Despite the claims from people on this site (and yes they may all prefer the city) most migration is still to the suburbs and not the core city for a myriad of reason from crime in the core cities to more land and larger houses in the suburbs. Either way both have their place in American society and which ever one is better is dependent on that persons own opinion so no one can ever say one is better than the other and be correct for the masses only for themselves. Personally, I prefer the city even though I'm in the suburbs at the moment as I have kids so I need the space and the larger lot and better schools. The moment my youngest is older, I will definitely be moving back within city limits.
Certainly not all metros are that vastly different from their city proper. It doesn't jive, how most posters want nothing to do with suburbia, but then rave about small cities with large, sprawling metros - such as those mentioned by West336.

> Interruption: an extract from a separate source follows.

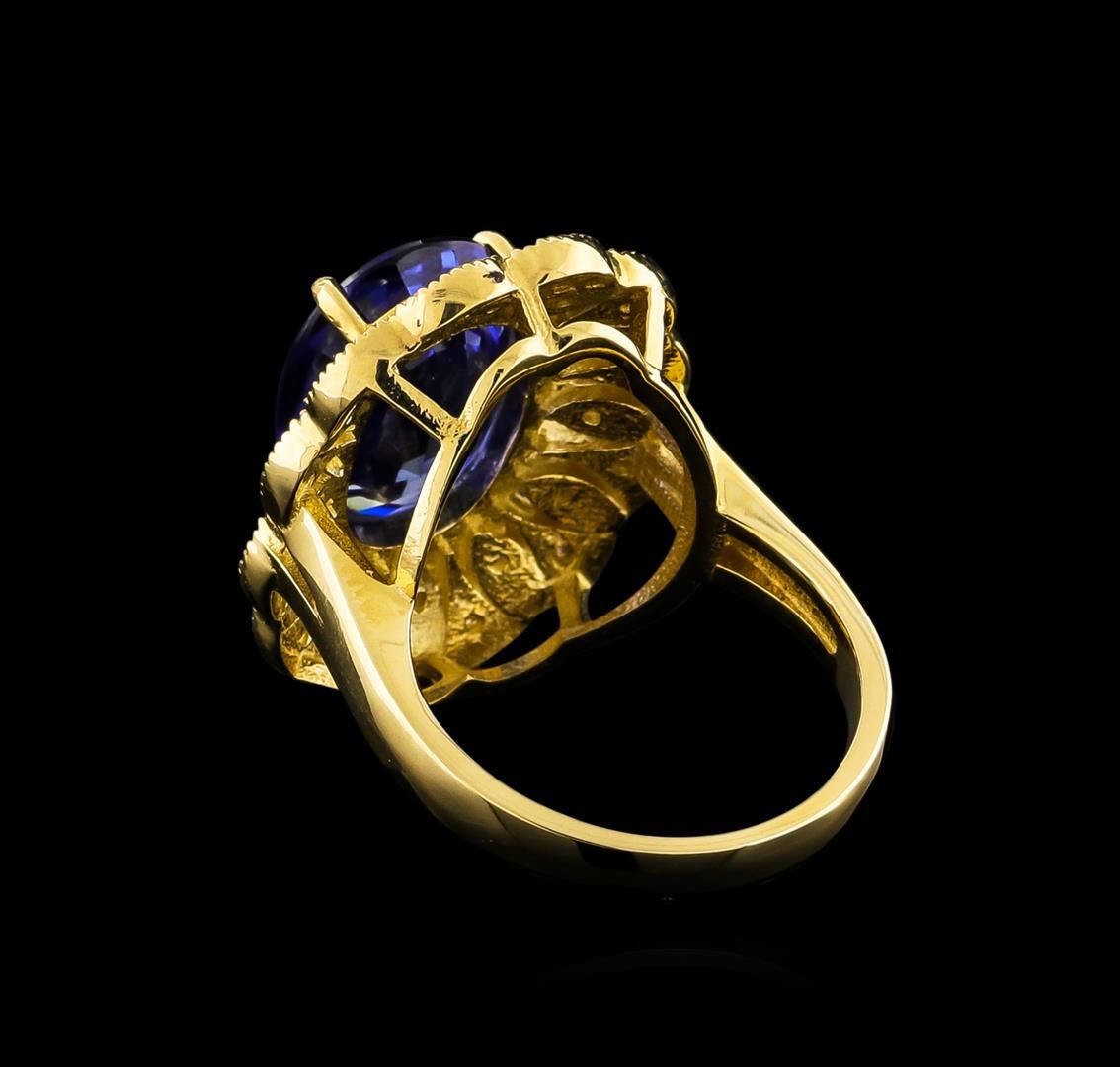 One electronically tested 14KT yellow gold Ladies combination cast & assembled ring with a high polish finish. Condition is new. Identified with markings of "K14". Containing: One prong set oval modified mixed cut natural tanzanite, measuring 13.00 x 10.00 x 6.50mm, approximate weight of 7.38ct., clarity is eye clean, type I, medium, moderately strong, bluish violet color, (GIA bV 5/4), cut is very good. Colored gemstones are presumed to have been subjected to commonly used color/clarity enhancement processes. Forty-Eight prong set round brilliant cut diamonds, measuring 1.50 - 1.20 x 0.81mm (depth est.) approximate. Total Weight of 48 Stones = 0.51ct. Clarity: I-1 to I-2. Color: I - J, Cut is Good. Total Weight of Colored Stones 7.38ct. Total Weight of Diamonds 0.51ct. Total Weight of Ring 10.10 grams. GGL Appraised at $9,560.00.

It depends. I like suburbs that have their own identity. Generally that means they've been around for a long time and have good local businesses and a lot of good neighborhoods.
What I hate is those suburbs that consist of nothing but gated communities that keep popping up (most notably in the sun belt) which have no culture whatsoever.
Overall, I'd say city proper, but I'm fine with a suburb that isn't just a gated hellhole.
I loathe suburbia.. As far as the small city large suburb, that basically is every city when you take into account that large cities with smaller suburbs are almost always consist of suburban development around a core that is about the same size as the 'small city-large suburb' core. The majority still loves the surban style life.
Location: New Albany, Indiana (Greater Louisville)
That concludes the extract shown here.